Task directions: The line that contains "Bi-Folding Sliding Barn" marks the start. Please set it down, with every later line of the data, exactly and without pictures.

Data to use:
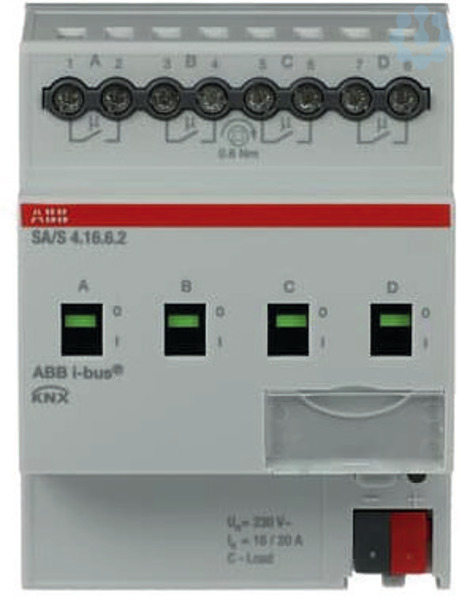 Der Schaltaktor schaltet über 4 potentialfreie Kontakte unabhängige elektrische Lasten über ABB i-bus® KNX.
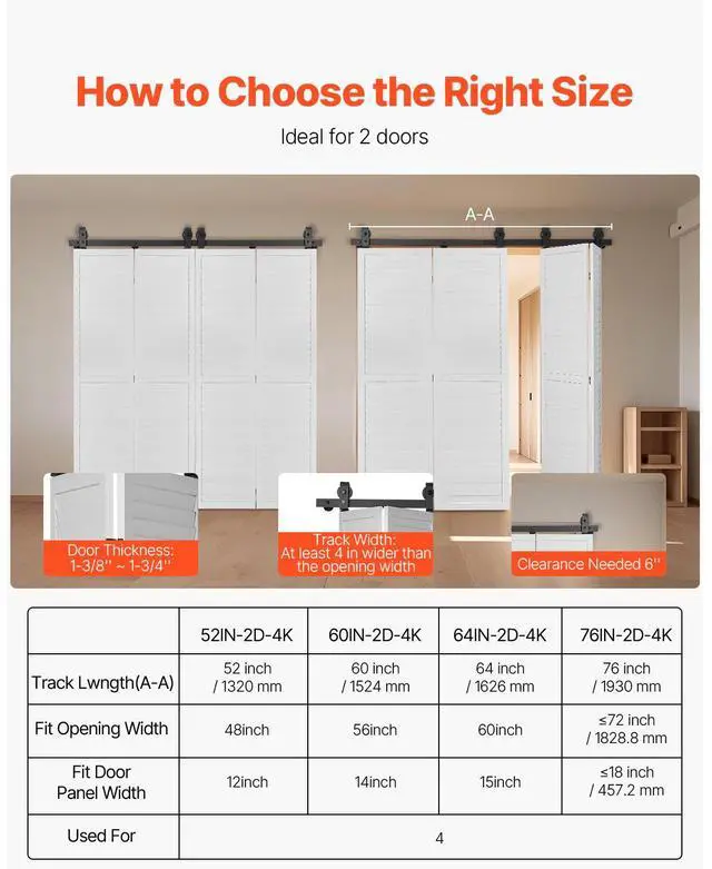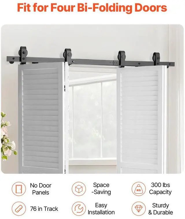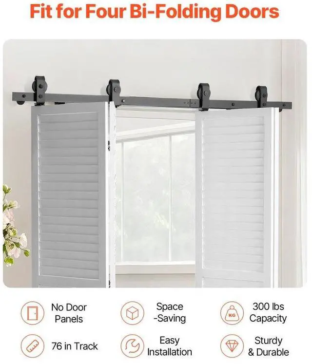 Bi-Folding Sliding Barn Door Hardware Track Kit 76" for Four 18" Doors
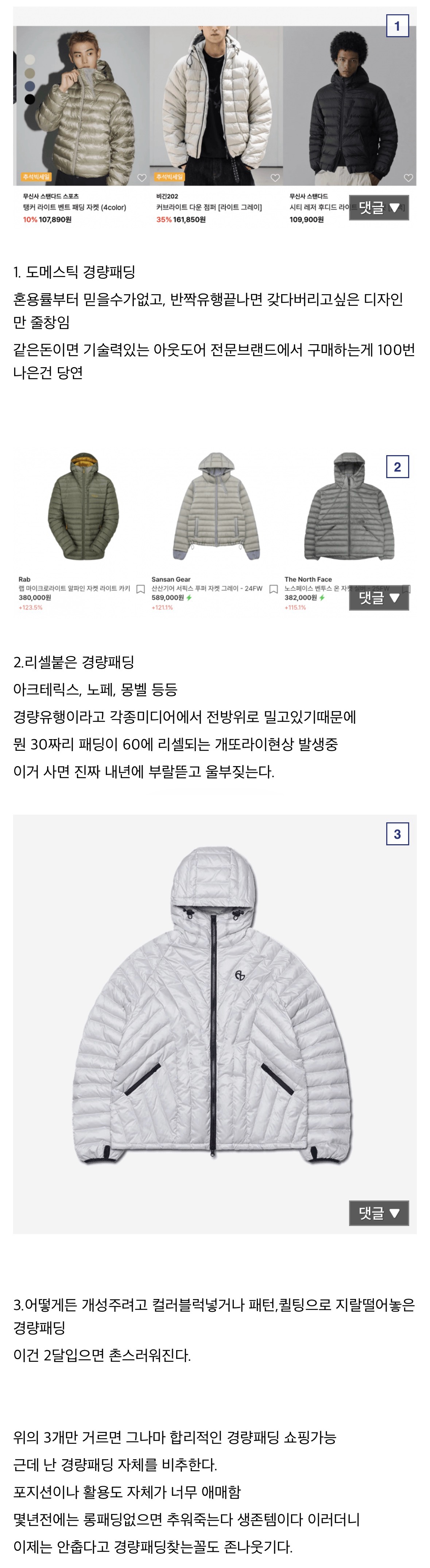 구매를 뜯어 말리는 경량패딩 종류..
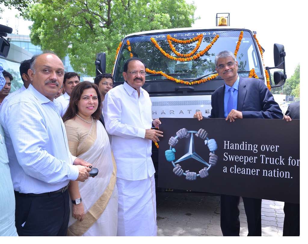New Delhi: The country’s largest luxury car manufacturer Mercedes-Benz today donated a state-of-the-art vacuum cleaning truck to the New Delhi Municipal Council (NDMC) as part of its Corporate Social initiatives. The BharatBenz-based Road Sweeper truck will be effective in reducing dust levels in Delhi by vacuum cleaning the roads. With road dust emerging as one of the key contributors of air pollution in Delhi, the deployment of the Mercedes-Benz donated Road Sweeper truck will assist in making Delhi’s roads and air cleaner than before. Suhas Kadlaskar, Vice President- Human Resource and Corporate Affairs, Mercedes-Benz India presented this Road Sweeper truck to Shri M. Venkaiah Naidu, Minister for Urban Development, Government of India, in the presence of Shri Naresh Kumar, Chairman, New Delhi Municipal Council (NDMC), in New Delhi today.
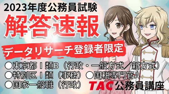 多くの受験生が参加するTACの本試験データリサーチによるデータ分析に、ぜひ積極的にご参加ください。TAC以外の受験生の方もご参加いただけます。また、ご登録いただいたくと、公務員試験「東京都I類B[行政/一般方式]採用試験」・「特別区I類[事務]採用試験」専門記述試験・論文試験 TAC解答速報 をご覧いただけます。

The completed task:
 Bi-Folding Sliding Barn Door Hardware Track Kit 76" for Four 18" Doors
 구매를 뜯어 말리는 경량패딩 종류..
New Delhi: The country’s largest luxury car manufacturer Mercedes-Benz today donated a state-of-the-art vacuum cleaning truck to the New Delhi Municipal Council (NDMC) as part of its Corporate Social initiatives. The BharatBenz-based Road Sweeper truck will be effective in reducing dust levels in Delhi by vacuum cleaning the roads. With road dust emerging as one of the key contributors of air pollution in Delhi, the deployment of the Mercedes-Benz donated Road Sweeper truck will assist in making Delhi’s roads and air cleaner than before. Suhas Kadlaskar, Vice President- Human Resource and Corporate Affairs, Mercedes-Benz India presented this Road Sweeper truck to Shri M. Venkaiah Naidu, Minister for Urban Development, Government of India, in the presence of Shri Naresh Kumar, Chairman, New Delhi Municipal Council (NDMC), in New Delhi today.
 多くの受験生が参加するTACの本試験データリサーチによるデータ分析に、ぜひ積極的にご参加ください。TAC以外の受験生の方もご参加いただけます。また、ご登録いただいたくと、公務員試験「東京都I類B[行政/一般方式]採用試験」・「特別区I類[事務]採用試験」専門記述試験・論文試験 TAC解答速報 をご覧いただけます。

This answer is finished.